August 28, 2008 11:59 AM
If you think rising GDP defangs the economy as an election issue, keep in mind: So did George H.W. Bush.
Bush touted rising GDP on his path to re-election defeat. GDP rose not only in the second quarter of 1992, he pointed out, but in the four previous quarters as well. The economy was better than people thought; they’d simply been deluded by negative news.
Didn’t work. It was the economy, as James Carville famously declared, and Bush’s seeming disconnect with the pain the public felt, that cost him a second term.
Fast forward 16 years.

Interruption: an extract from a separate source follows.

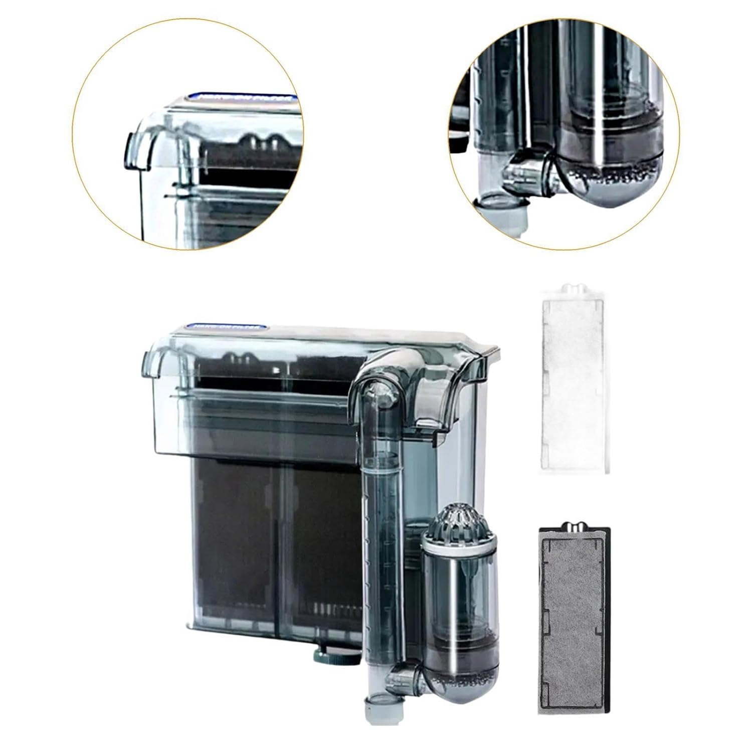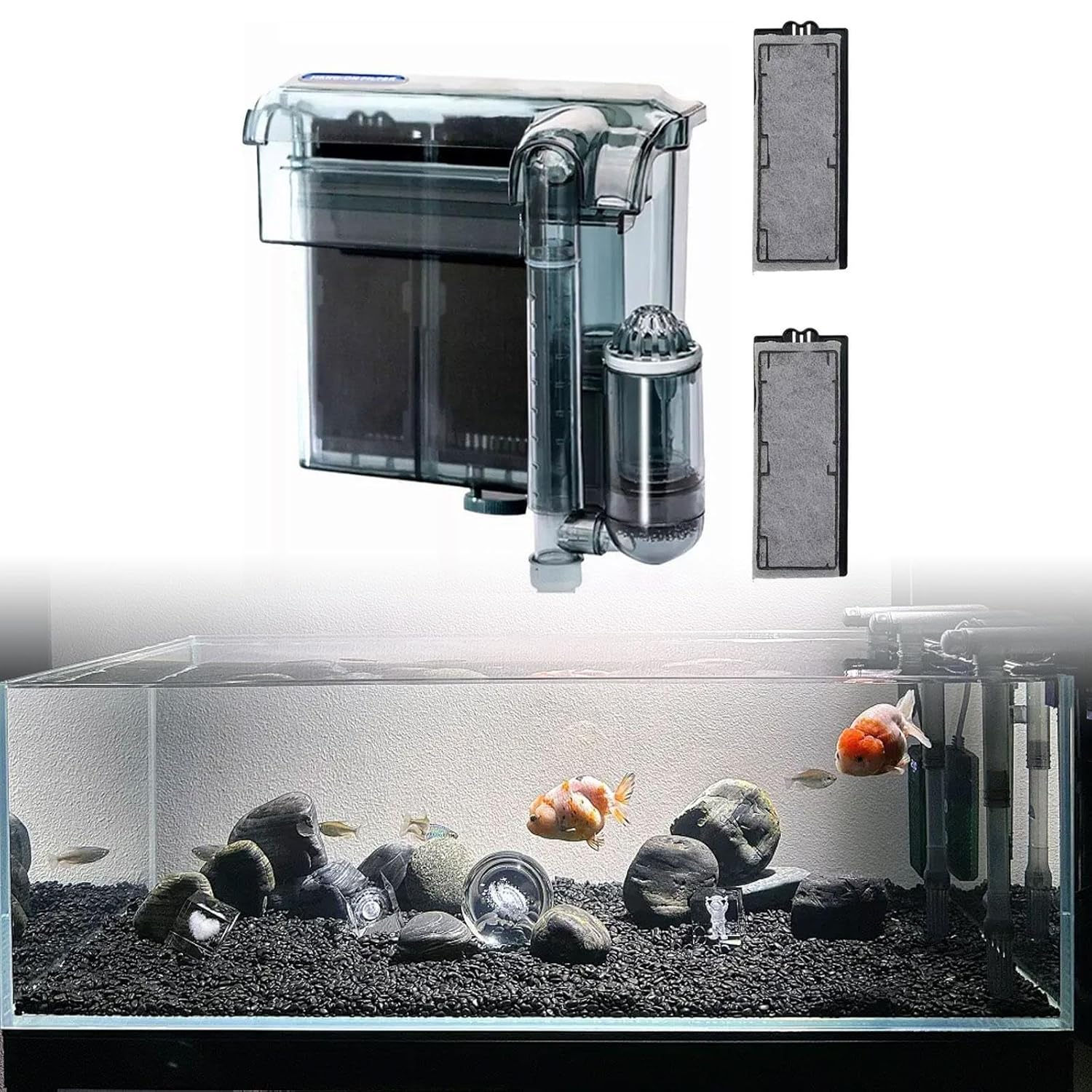 Versatile Compatibility: Suitable for aquariums or tanks with a capacity of 40-80L, this filter can also be used in tanks that require a waterfall effect without filtration. It includes prefilter sponges to prevent small fish and shrimp from being drawn into the filter system

The Commerce Department reported today that GDP’s up by 3.3 percent over a year ago, raising the question of whether that growth may weaken the clout of economic concerns in the upcoming election.
With 1992 as a guide, don’t count on it. The lesson from that year is that what matters in political terms is Americans’ perceptions of their and the country’s economic well-being, not a data point much farther removed from the kitchen table. GDP in 1992 did not capture the deep economic unhappiness Americans were still feeling in the long hangover from the 1990-91 recession. And it may not in 2008.
Our business producer Dan Arnall notes that the current GDP figure is most influenced by increased exports given the weak dollar, and the one-time effect of the government’s economic stimulus checks. Compare those with other factors: Inflation at a 17-year high, home resale prices down by a record high in 20 years of data, unemployment at a nearly five-year high, credit tight, job market tight, gasoline averaging $3.69 a gallon - down lately, but still up 34 percent from a year ago, with possible production impacts from Tropical Storm Gustav looming.
People don’t come home and say, “Hey honey, GDP’s up, let’s party.” They look at incomes, inflation, unemployment, home values, credit and debt, future prospects. And now, as in 1992, they don’t like what they see.
Our weekly Consumer Comfort Index at this time in 1992 was a dismal -46 on its scale of +100 to -100. Today it’s an equally dismal -50, a point from its record low. In the 1992 exit poll 42 percent of voters called the economy one of their top two issues, more than any other by a wide margin. Fifty-two percent of them voted for Bill Clinton, 24 percent for Ross Perot, just 25 percent for Bush. Today, when we ask registered voters the most important issue in their choice, 43 percent say it’s the economy – again No. 1 by a wide margin.
There are differences from 1992. Then voters had a seemingly out-of-touch incumbent president on whom to vent their economic discontent. This year there’s no incumbent; that’s why Democrats are trying at every turn to tie John McCain to George W. Bush’s economic record.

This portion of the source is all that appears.